I have a problem with processing all rows from database (PostgreSQL). I get an error: org.postgresql.util.PSQLException: Ran out of memory retrieving query results. I think that I need to read all rows in small pieces, but it doesn't work - it reads only 100 rows (code below). How to do that?

    int i = 0;      
    Statement s = connection.createStatement();
    s.setMaxRows(100); // bacause of: org.postgresql.util.PSQLException: Ran out of memory retrieving query results.
    ResultSet rs = s.executeQuery("select * from " + tabName);      
    for (;;) {
        while (rs.next()) {
            i++;
            // do something...
        }
        if ((s.getMoreResults() == false) && (s.getUpdateCount() == -1)) {
            break;
        }           
    }

This question is related to java postgresql jdbc

The answer is


I think your question is similar to this thread: JDBC Pagination which contains solutions for your need.

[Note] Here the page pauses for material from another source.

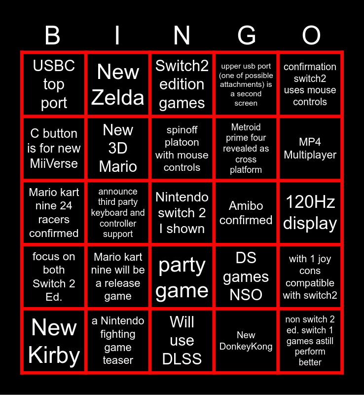 This bingo card has a free space and 24 words: Mario kart nine will be a release game, a Nintendo fighting game teaser, spinoff platoon with mouse controls, New Kirby, confirmation switch2 uses mouse controls, USBC top port, C button is for new MiiVerse, New Zelda, Amibo confirmed, party game, Metroid prime four revealed as cross platform, Mario kart nine 24 racers confirmed, DS games NSO, with 1 joy cons compatible with switch2, New 3D Mario, New DonkeyKong, 120Hz display, Switch2 edition games, MP4 Multiplayer, announce third party keyboard and controller support, non switch 2 ed. switch 1 games astill perform better, focus on both Switch 2 Ed., upper usb port (one of possible attachments) is a second screen and Will use DLSS.

In particular, for PostgreSQL, you can use the LIMIT and OFFSET keywords in your request: http://www.petefreitag.com/item/451.cfm

PS: In Java code, I suggest you to use PreparedStatement instead of simple Statements: http://download.oracle.com/javase/tutorial/jdbc/basics/prepared.html


At lest in my case the problem was on the client that tries to fetch the results.

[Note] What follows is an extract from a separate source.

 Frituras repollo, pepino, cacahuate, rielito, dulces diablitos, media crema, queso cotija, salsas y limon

Wanted to get a .csv with ALL the results.

I found the solution by using

psql -U postgres -d dbname  -c "COPY (SELECT * FROM T) TO STDOUT WITH DELIMITER ','"

(where dbname the name of the db...) and redirecting to a file.


So it turns out that the crux of the problem is that by default, Postgres starts in "autoCommit" mode, and also it needs/uses cursors to be able to "page" through data (ex: read the first 10K results, then the next, then the next), however cursors can only exist within a transaction. So the default is to read all rows, always, into RAM, and then allow your program to start processing "the first result row, then the second" after it has all arrived, for two reasons, it's not in a transaction (so cursors don't work), and also a fetch size hasn't been set.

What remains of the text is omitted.